On a complete whim, I just bought a beige suede jacket that screams “Flower Child!” It’s very Janis Joplin or Joni Mitchell — it’s got neat criss-cross stitching on the bottom of it and along the sleeves, and it ties in two places in the front with long beige strings. I spent way too much on it, but I love it.
Lately, people at work have been commenting about how different I look. Yeah, I’ve actually been putting on makeup and doing something with my hair once in awhile. I stopped getting my nails done, though, so I am trying to wear stuff with pockets so I can hide them. 🙂 I’ll get back to it soon, but I just haven’t had the time to actually sit in a chair for an hour and get them manicured.
I’ve been revisiting my black clothing a lot, and I bought a lil medieval-inspired black top today just for giggles. And I also purchased one in red, because I’m just ridiculous like that.

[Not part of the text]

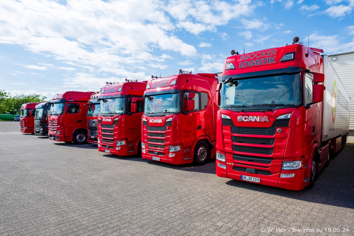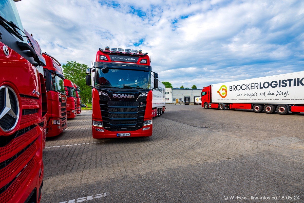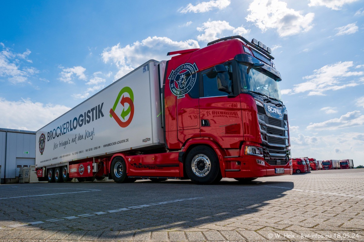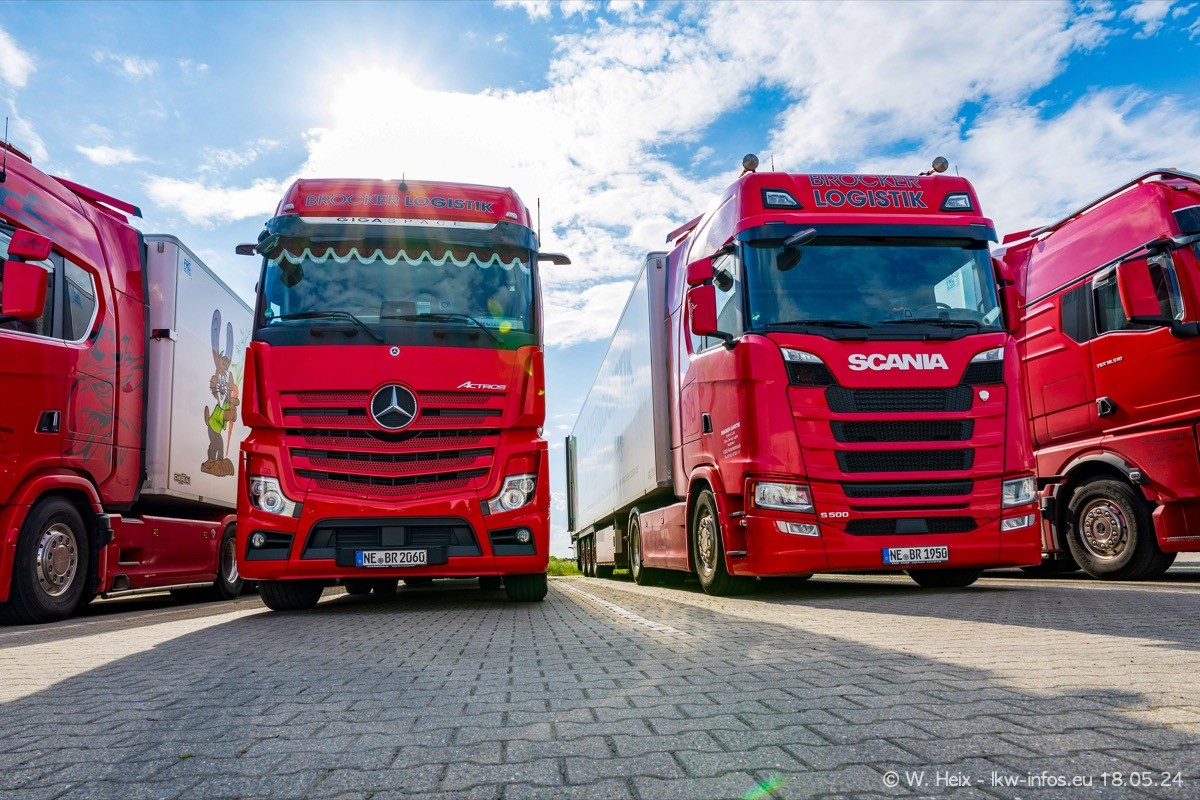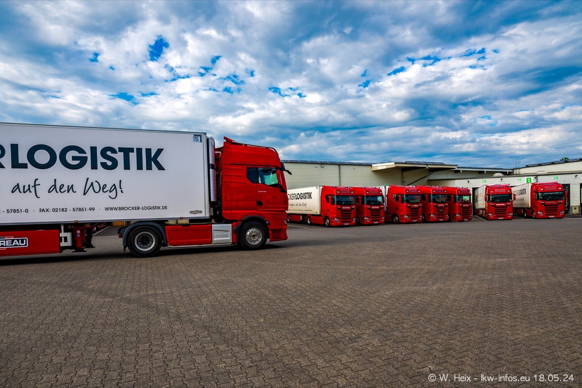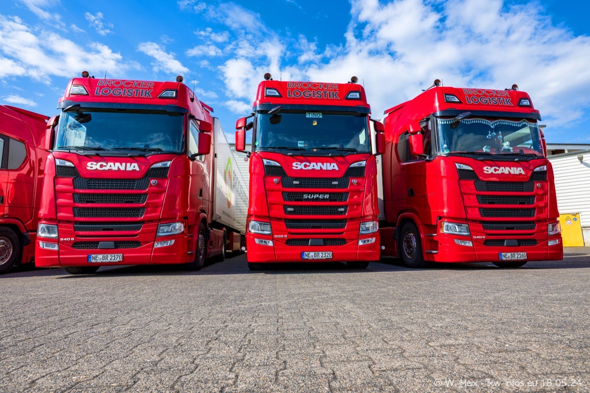 Nach über fünf Jahren war ich wieder bei Brocker Logistik in Korschenbroich. Diesmal wurde ich zu einem kleinen Fotoshooting eingeladen. Am späten Samstag Nachmittag war fast der komplette Fuhrpark zuhause. Das sind aktuell 38 LKW. Zwei fehlten. Zum 10-jährigen Firmenjubiläum wurde im März ein SCANIA 660 S V8 NextGen gekauft. Dieser ist etwas aufwändiger gestaltet als der restliche Fuhrpark, der sich aber auch sehen lassen kann. Auf dem weitläufigen Gelände gab es genug schöne Plätze für dieses kleine Fotoshooting.

I felt like I was dressed for a funeral last night, in my all-black outfit (save for a white collar and cuffs) to go to some photography showing at Vida in D.C. (The bar was decent, as was the photography, but it wasn’t a memorable experience, by any means). Shawn invoked my status as his interim “boyfriend” to accompany him and his roommate and his girlfriend out for the evening. Long story short, he actually had the hostess refund our admission price, as we were supposed to get food and a drink in our admission price, but we had neither. The bartender actually refused to honor the drink coupons because he ran out of whatever vodka they were promoting that night. WTF? I did buy a round of drinks, although it took them — and I’m not kidding here — 25 minutes to go find a fucking bottle of amaretto for my drink. E. Gads. And they didn’t even use the top-shelf variety either, and the bartender *only* made me pay $10 because I waited so patiently. Pfft.
I wrote a review about the experience on the Washington Post. In a few hours, you can click the Vida link in this post and go see pretty much the same shit I just wrote here. 🙂
We had dinner at Thai Tanic afterward. I tell ya, I can’t eat the spicy foods like I did before my surgery. My meal set my mouth on fire, and I drowned it in much water and in the uber-sweet Thai iced tea, which had more sweet cream in it than a cow in a sugar cane field. I like to refer to my entree as Bad Pad Thai. 🙂
OK, I am going to kill my other kitty, Maddie. Earlier, I alluded to the fact that Kadi had the runs between the litterboxes. Right this second, Maddie took a dump and just dragged her ass across the carpet — and it’s a chunky trail. Fuck around. Well, I need to go AGAIN to go clean up cat shit.
Anybody want some free pussy? Ya got three to choose from!!!!!!!!